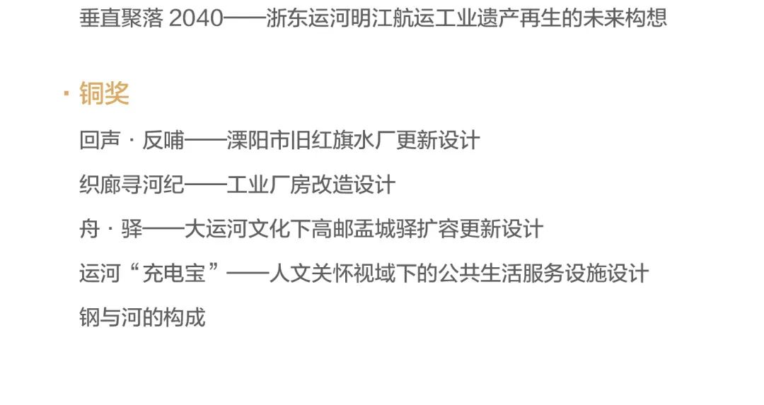 参赛作品聚焦具有真实的历史记忆和历史文化的场地,创作了一批题材多元、亮点纷呈、富有创意的设计方案。近期微信公众号将逐步推出第九届紫金奖建筑赛获奖作品解读,期待能为大运河文化保护传承与创新,大运河活力空间的当代塑造提供思考启迪。
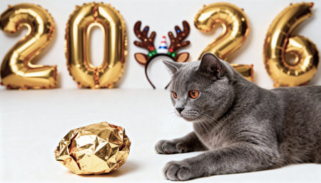 A charming grey cat with orange eyes lies in front of golden foil balloons spelling out 2026, celebrating the upcoming new year against a white background.
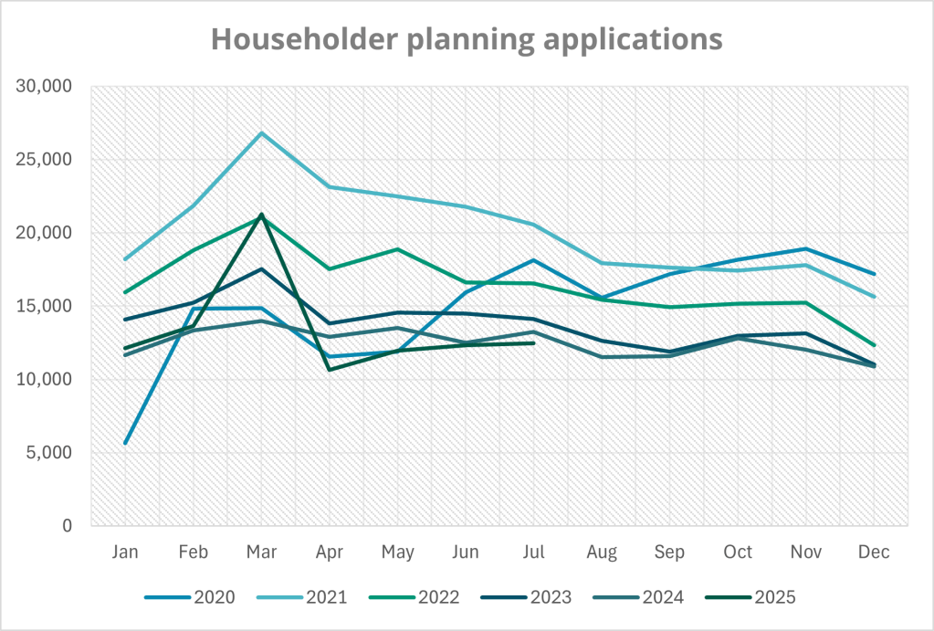 Householder applications fell 6% compared with July 2024, but was up 1% compared to June 2025. Larger home extensions declined by 2% (21 applications) compared with June 2024.

Activity >> Return the lines exactly, from the one containing "A charming grey" through the last line above, including both ends and excluding every picture.

Solved exercise >>
 A charming grey cat with orange eyes lies in front of golden foil balloons spelling out 2026, celebrating the upcoming new year against a white background.
 Householder applications fell 6% compared with July 2024, but was up 1% compared to June 2025. Larger home extensions declined by 2% (21 applications) compared with June 2024.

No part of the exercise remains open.